I've also been told I have little tact, so if this offends you simply ride on.

Sunday, November 28, 2021

The Dipshit

 Yesterday was another slow jog at work.  This is not the time of year for people to think of installing new floors.  They brought in Chik-fil-a sandwiches for lunch, or as one of my fellow associates called them 'Jesus chicken.'  I wouldn't pay for it, but I'm not going to turn down free food, either.

Thanks to an hour on the treadmill before I left for work, I had in over 13,000 steps yesterday.  When I do that, my back is good for the day, it's not until I early in the evening that it begins to get achy.  I figure I must be doing something right.  I'd like to be able to go to my Pain Management appointment and tell them they took too long, that I healed myself.
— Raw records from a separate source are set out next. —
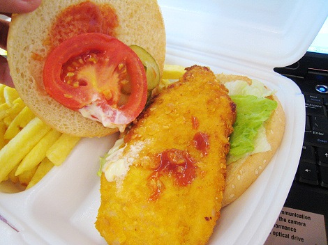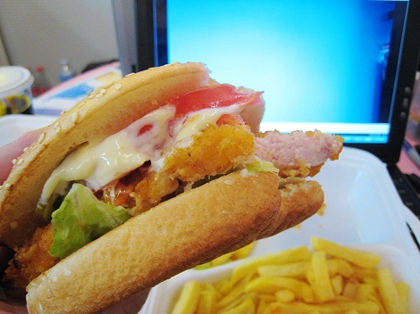 這是chicken burger吧......
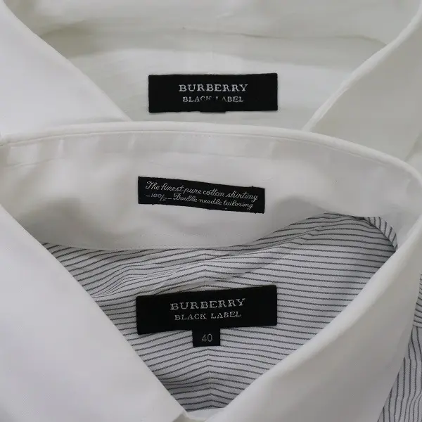 BURBERRY BLACK LABEL ロゴ刺繍 ワイシャツ 40 ホワイト グレー系 長袖 ストライプ柄の買取金額
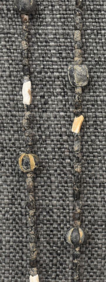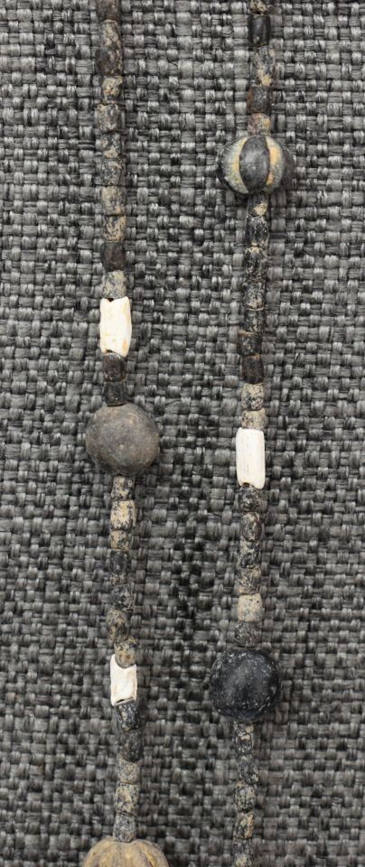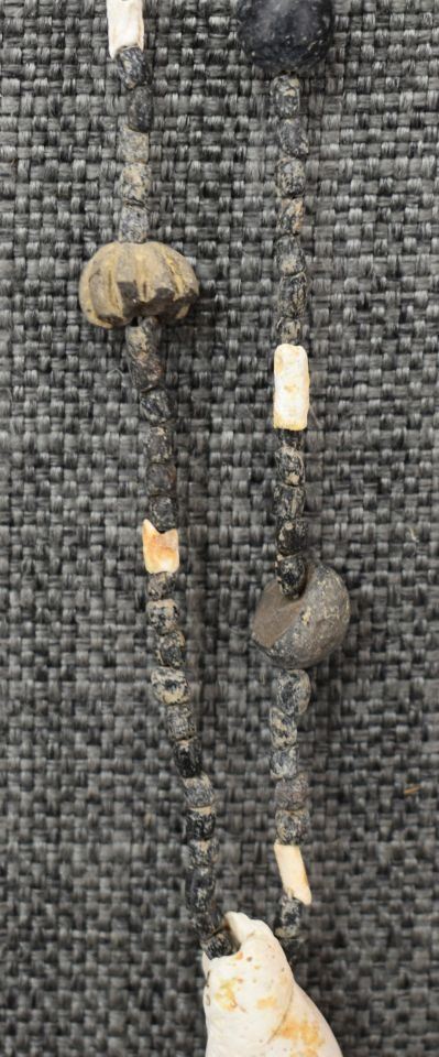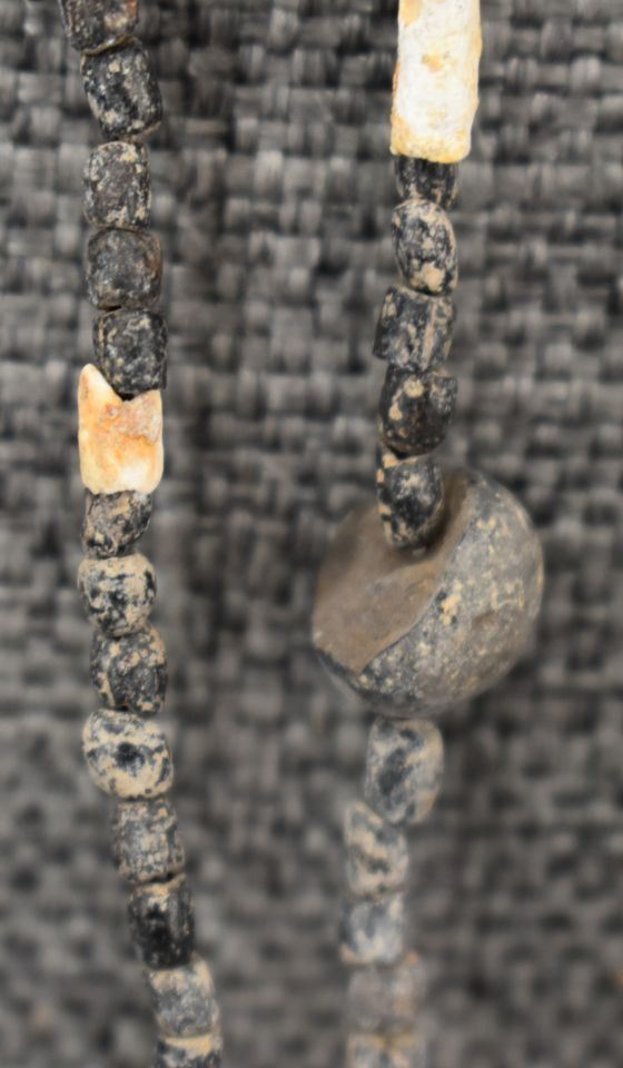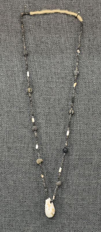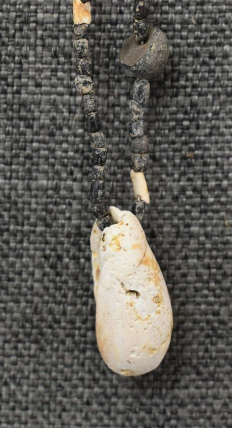 prehistoric Hohokam, single strand of beads 28" long with shell pendant 1.25" long
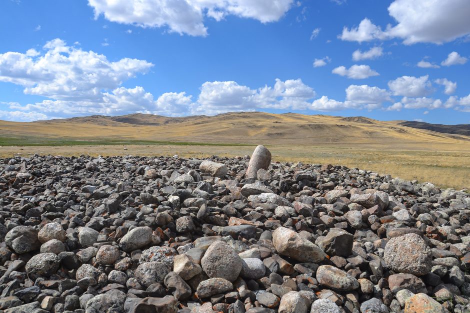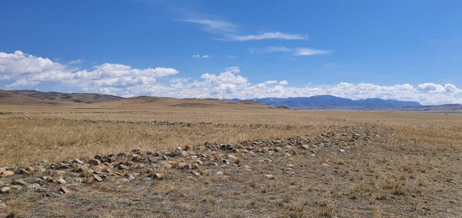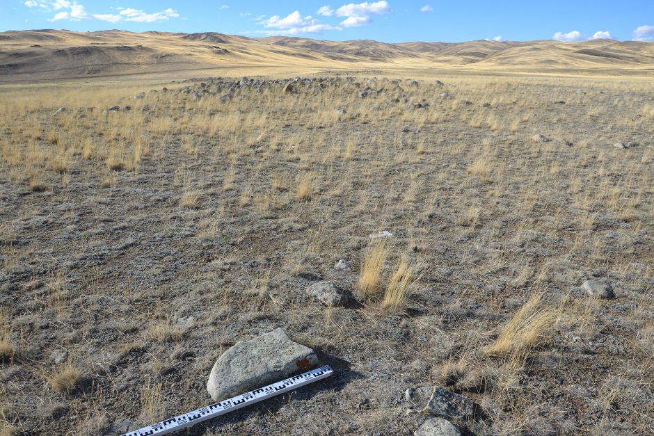 — Мы зафиксировали, на мой взгляд, самый северный мемориальный комплекс, связанный с древними воинствующими кочевниками, которые жили в начале I тысячелетия до н.э. Условно эту общность сейчас называют культурой херексуров и «оленных» камней. Изученный комплекс состоял из поставленных в ряд «оленных» камней, а рядом располагались многочисленные поминальники. Именно такие объекты являются хорошим маркером для подтверждения моей концепции о существовании самой архаичной кочевой империи во Внутренней Азии. От отрогов Памира до востока Монголии и от Южной Сибири до северных пустынь Китая обнаруживаются огромные курганы — свидетельства жизни и деятельности этих кочевников. Самый большой херексур находится на территории Монгольского Алтая и хорошо виден из космоса. В диаметре он достигает порядка 300 метров и более 20 метров в высоту.
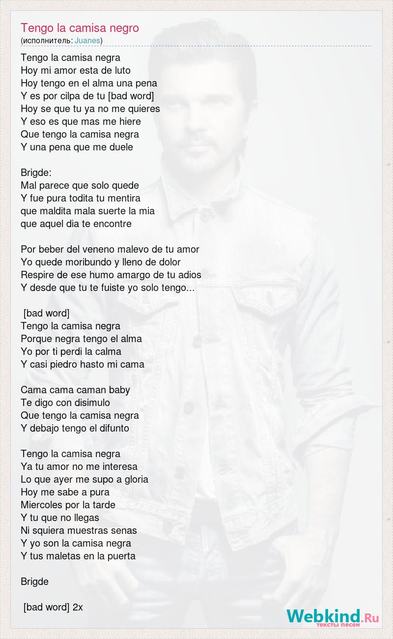 Tengo la camisa negra Hoy mi amor esta de luto Hoy tengo en el alma una pena Y es por cilpa de tu [bad word] Hoy se que tu ya no me quieres Y eso es que mas me hiere Que tengo la camisa negra Y una pena que me duele Brigde: Mal parece que solo quede Y fue pura todita tu mentira que maldita mala suerte la mia que aquel dia te encontre Por beber del veneno malevo de tu amor Yo quede moribundo y lleno de dolor Respire de ese humo amargo de tu adios Y desde que tu te fuiste yo solo tengo... [bad word] Tengo la camisa negra Porque negra tengo el alma Yo por ti perdi la calma Y casi piedro hasto mi cama Cama cama caman baby Te digo con disimulo Que tengo la camisa negra Y debajo tengo el difunto Tengo la camisa negra Ya tu amor no me interesa Lo que ayer me supo a gloria Hoy me sabe a pura Miercoles por la tarde Y tu que no llegas Ni squiera muestras senas Y yo son la camisa negra Y tus maletas en la puerta Brigde [bad word] 2x
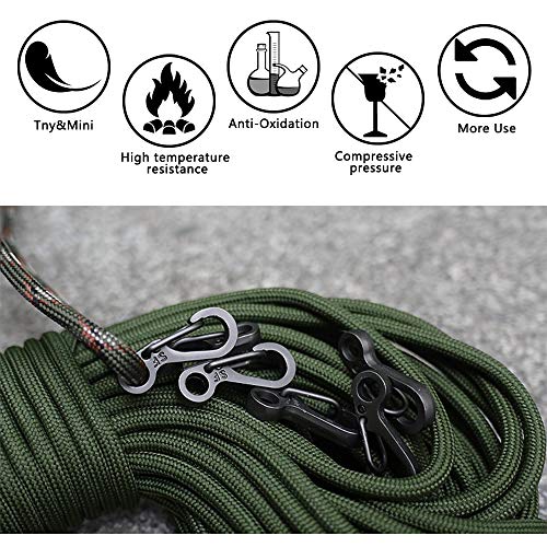 Mini dimensione: il mini moschettone SF ha le stesse dimensioni di un centesimo, con una lunghezza totale di 2,5 cm e un'apertura di 0,5 cm, l'apertura massima della molla è di 0,7 cm, che può essere perfettamente abbinato con 550 corde paracord.

We also had a dusting of snow last night, barely enough to cover the windshield of my car.  If this year plays out the same as the last two years, the only snow we're going to get will be in December.

So, we have this dipshit working in our plumbing department.  There is no connection between the word plumbing and dipshit, in case you're wondering, though, at your own discretion, you can replace dipshit with conservative since they're the same thing in this case.  He was going on and on about Kenosha, the 2nd amendment, and how there needed to be a god because we needed a creator to start everything.  It got to the point where I started telling him to go away.  "Go back to your own department," I told him several times, and that his opinions weren't wanted.  And that dipshit thought I was joking.

Oh, and in case you're a little confused by the articles in the news, Omicron is already here.  Now, isn't that ominous?  Oh, and the dipshit?  He's not concerned because he believes Omicron is bullshit.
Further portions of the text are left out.